2. Which is stronger: JENLOGA or ADQUEY?

Potency comparisons between JENLOGA and ADQUEY depend on the specific clinical indication. These are both Oral Contraceptive agents and are not directly interchangeable by dose. A physician or clinical pharmacist should guide any therapeutic switching decisions.

3. What is the standard dosing for JENLOGA vs ADQUEY?

The standard adult dose of JENLOGA is: 350 mg orally once daily with food.. The standard adult dose of ADQUEY is: 400 mg orally once daily with food.. Dosing should always be individualized based on indication, renal and hepatic function, age, and other patient factors.

4. Can you take JENLOGA and ADQUEY together?

No direct drug-drug interaction has been formally documented between JENLOGA and ADQUEY in current clinical databases.
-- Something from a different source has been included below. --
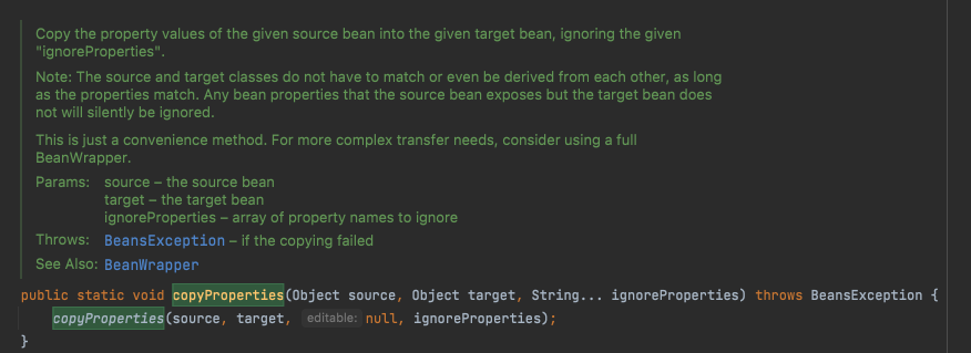 ๋ํ copyProperties ์ค ํ๋์ overloadingํ ๋ฉ์๋๋ก ํ๋ก์ ๊ฐ์ฒด๋ฅผ ๊ฐ์ง ๋ณ์๋ฅผ ๊ฐ์ฒด ๋ณต์ฌ์์ ์ ์ธ์์ผ์ค ์ ์๋๋ฐ,

However, individual patient risk factors including other medications, organ function, and comorbidities should always be evaluated by a qualified healthcare provider.

5. Are JENLOGA and ADQUEY safe during pregnancy?

The maternal-fetal safety profiles differ. JENLOGA is classified as Category C. Pregnancy exposure registry data indicate increased risk of major congenital malformations, including neural tube defects, cardiovascular anomalies, and cleft palate, with first-tr. ADQUEY is classified as Category C. ADQUEY (estradiol valerate/dienogest) is contraindicated in pregnancy. First trimester exposure may cause congenital anomalies including cardiovascular and neural tube defects. Sec. Always consult a maternal-fetal medicine specialist before taking either drug during pregnancy or lactation.